The Conversion of Amambar

While roving over the waters that covered the earth the sun god saw the nymph Ursula sporting in the waves, and was smitten with a quick and mighty fondness. He nearly consumed himself in the ardor of his affection. She, however, was as cold and pure as the sea. As she swung drowsily on the billows she was like a picture painted in foam on their blue-green depth, and in breathing her bosom rose and fell like the waves themselves. As she saw the god descending she was filled with alarm, but as he took her into his strong embrace and placed his cheek to hers a new life and warmth came to her, and in their marriage the spirits of the air and water rejoiced. A son was born to them,—so beautiful a boy that the sun god made a land for him, stocked it with living creatures, adorned it with greenery and flowers, and gave it to the human race as an inheritance of joy forever. This land he called Cebu, and no land was more lovely. Lupa was the child, and from him came all the kings of Cebu, among them Amambar, the first chief of the island of whom we have definite record. In the day of his rule the group had long been peopled, and the use of tools and weapons had become known. One occasionally finds to-day the stone arrows and axes they called "lightning teeth," and with which they worked such harm to one another in their many wars.

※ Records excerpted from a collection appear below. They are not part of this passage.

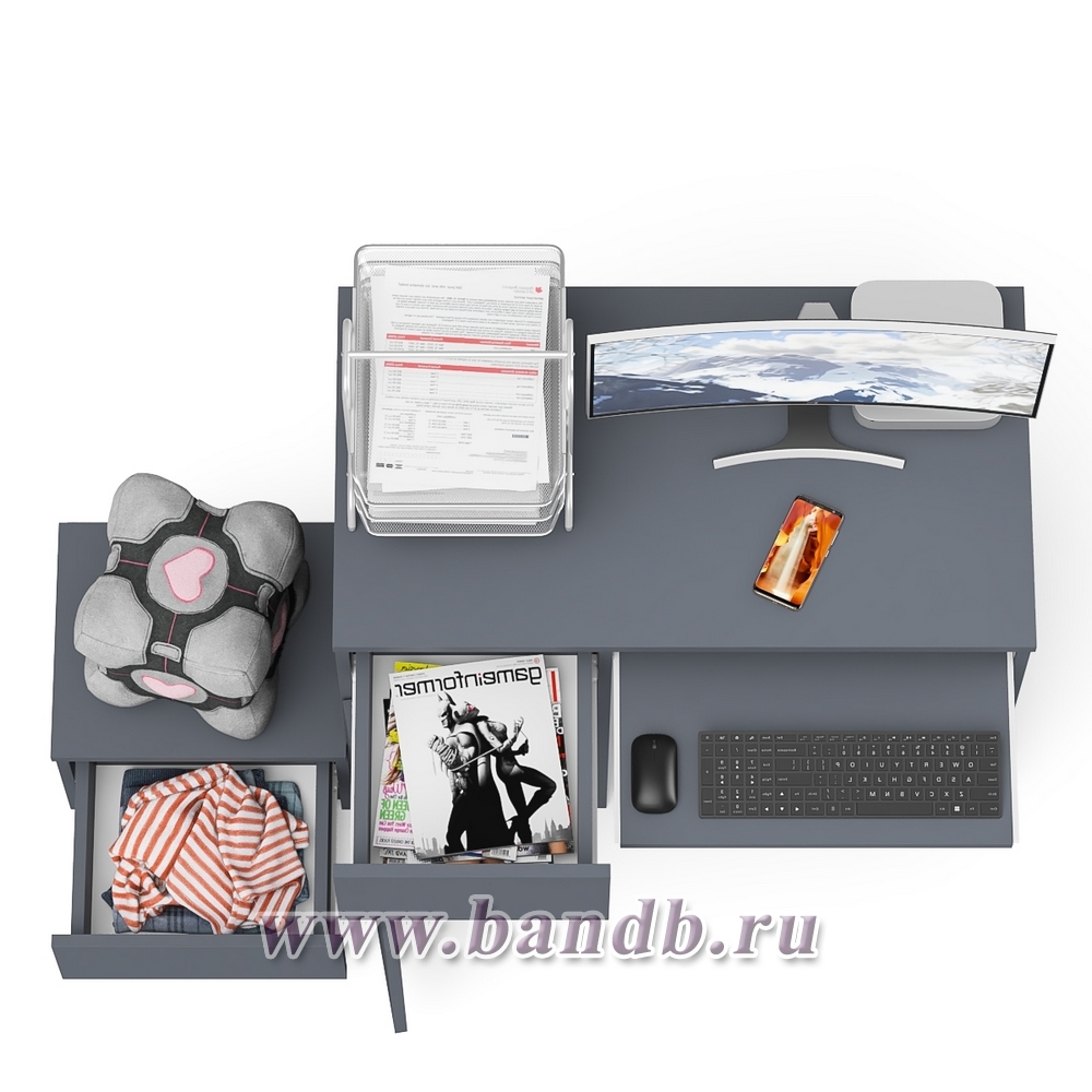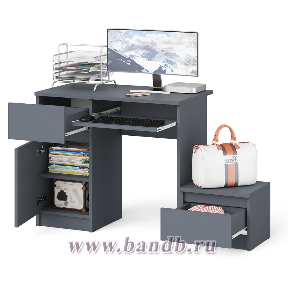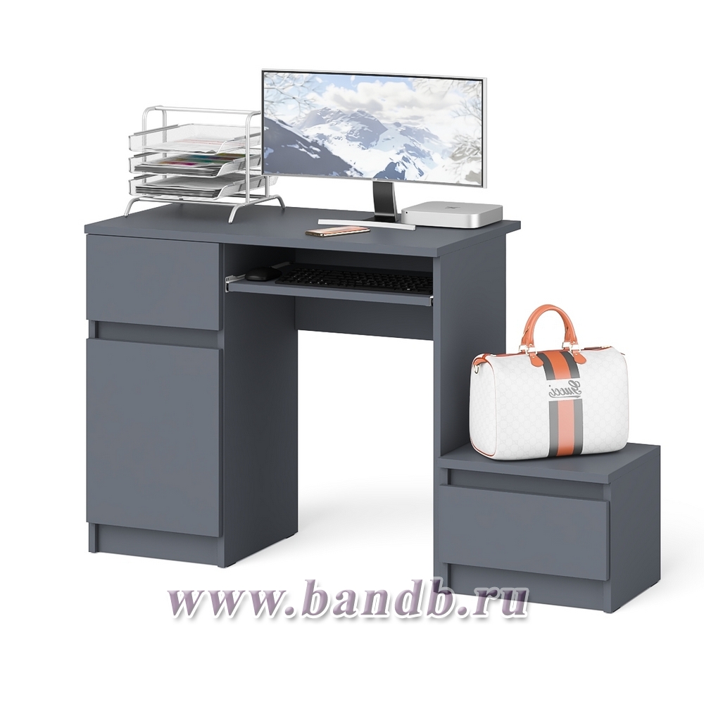 Стол компьютерный Мори МС-1 левый с тумбой цвет графит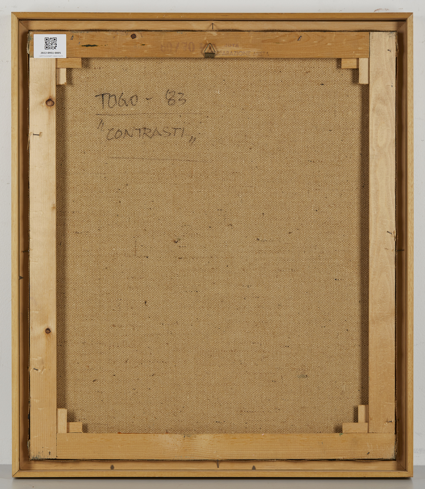 TOGO (n. 1937) Contrasti. 1983. Olio su tela . Cm 60,00 x 70,00. Firma in basso a sinistra. Al retro titolo, firma e anno. Cornice presente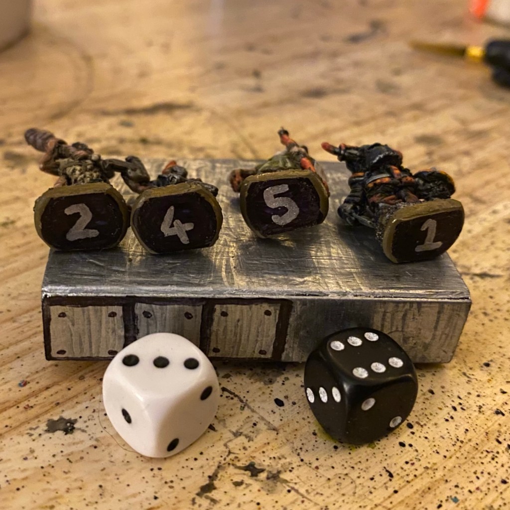 While continuing to ponder my Matchbox game with my spare grey matter while at work today, I imagined a game with a single stat. Since there won’t be much room for stats! And along the lines of SKIRMASH I want that stat to be balanced whether it’s low or high. Keeping things simple and using the dice I have that will fit in the box, means that stat will be a 1-5 so it can be beaten on a D6. The single stat from 1-5 also means it can be comfortably written on the bottom of a base.

It was an evening of March, 1521, a calm and pleasant evening, with the perfume of flowers mixed with the tonic tang of the ocean, birds flying and monkeys chattering in the wood, and a gentle surf whispering upon the beach. Amambar was walking on the shore alone. He had gone there to watch the gambols of the mermaids, when a great light whitened against the sunset. It came from a cross that had been planted just out of reach of the sea. He put his hands before his eyes that it might not dazzle him. Then, as the moon arose, he peered beneath his hands, out over the restless water, and there, against the golden globe that was lifting over the edge of the world, could be seen a flock of monster birds with gray wings, and dark men walking on their backs as they lightly rode the billows, the men sparkling and glinting as they moved, for they were arrayed in metal and bore long knives and lances that flashed like stars. Other of the company wore black robes and sang in unknown words, their voices mixing in a music never heard by Amambar before. A sparkling white cloud drooped slowly from the sky. A diamond vapor played about the cross. Out of the cloud came a melodious voice saying, "Look up, O chief!" And looking at the cross again, he saw, extended there, a bleeding figure with a compassionate face that gazed down upon him and declared, "I am Jesus Christ, son of the only God. Those whom you see in the ships are my people, who have come to these islands to rule you for your good." Amambar fell prone on the sand and prayed for a long time, not daring to open his eyes. When he regained courage and arose the cloud was gone; the ships had sailed away. He was alone.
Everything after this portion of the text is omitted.